Nevertheless, to specify the optical properties of a tubular ARF, more geometry information, including hollow core diameter, glass wall thickness, azimuthal positions of cladding tubes, and gap distances, are needed. In this work, we fully exploit the potential of side-scattering spectroscopy by proposing a four-ray interference model based on simple geometric optics. All the structural parameters of a SR-ARF can be experimentally measured or estimated in a non-invasive and fast fashion. V-shaped interference peaks with the rotation of the SR-ARF are clarified by our model and utilized to retrieve group delay differences with high accuracy. Additionally, in order to acquire the wall thickness of a cladding tube, the polarization and the transverse mode dependences can be employed.
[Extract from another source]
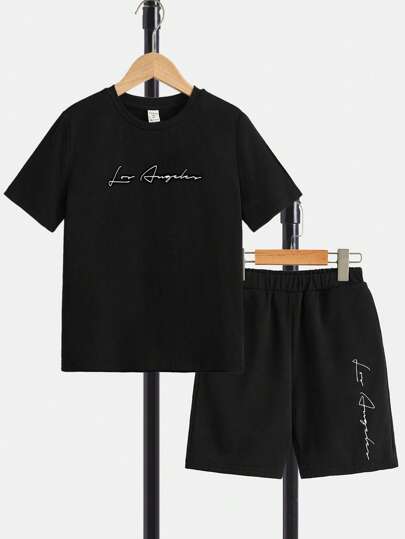 SHEIN Boys Letter Graphic Tee & Shorts - Black - View 1

2. Principles of four-ray interference

Figure 1(a) plots a cross-sectional diagram of a SR-ARF. The jacket tube is assumed to have an ideally annular shape with the outer and the inner radii referred to as R and r [see Fig. 1(b)], respectively. Under illumination of a collimated beam, perpendicular to the fiber axis, light can find four paths to traverse the SR-ARF and leave at the same scattering angle (φ). The four ray-paths are described as follows [Figs. 1(b) and 1(c)]:

 

Fig. 1. (a) Sketch of the four rays that are scattered by a SR-ARF to the same detection angle φ. (b) Paths of Rays 1, 2 and 4. (c) Close-up of the path of Ray 3.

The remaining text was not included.